PUNCH WITH CARE, Phoebe Atwood Taylor, 1946 Asey Mayo series. From the publisher:
Asey Mayo, Cape Cod’s gift to the amateur detective world, tackles another baffling mystery, which creeps up on him before he knows it, smack between the one o’clock Bull Moose siren and the one o’clock Quick Quiz Question on WBBB. While murder is no novelty to Mayo, this case involves him with such bizarre items as the Pochet and Back Shore Railroad, a private narrow-gauge line in Mrs. Douglass’s back yard; Lulu Belle, its antique Pullman with the silver-plated spittoons; Carolyn Barton Boone and her Larrabee College Project on Town Government; and a few bewildered adolescents who had always intended to go to college anyway. As might be expected, Cousin Jennie aids and abets the case between batches of sugar gingerbread, and old Doc Cummings gleans further material for his projected memoirs From Mustard Plaster to Penicillin. There are the clam diggers too, and the Summer Folks, and, of course, the Tourist Trade. Just who the corpse is, and where Asey got it—well, these questions along with dozens of other strange and intriguing happenings are handled shrewdly and expertly in the murder-cum-humor mystery that continues to delight Phoebe Atwood Taylor fans.
I'd been looking forward to starting one of the Asey Mayo books, and the library had this one, so here I began. I did enjoy the book. Such interesting characters, lots of humor, and a great plot. Do you sense a "but" coming? Yes, there is one--such a big one that it really spoiled it for me--the dialect of Asey drove me nuts. Usually that doesn't jerk me out of the story. It just takes me a few pages to get used to the flow of words and I'm fine. Not so this time. Asey's particular vernacular just grated on my brain. I can't explain it.

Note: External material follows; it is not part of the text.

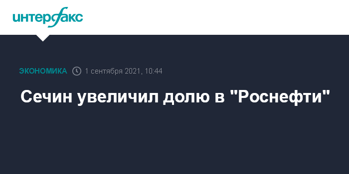 Москва. 1 сентября. INTERFAX.RU - Глава "Роснефти" Игорь Сечин увеличил долю в компании с 0,1273% до 0,1288%, говорится в сообщении НК.

Recommended by the Classic Mysteries podcast. An interesting story I might not have otherwise found. Asey Mayo is a well-known detective on the East Coast (with the "accent" to prove it.) In this book, he comes up on a dead body in the personal train car of some summer folk. But when he then goes into the house, the occupants are acting strangely and a return to the train car reveals that the body has disappeared. His companion, the local doctor, also disappears as well as his new car. He'll need all of his detecting skills to solve this many mysteries all at the same time.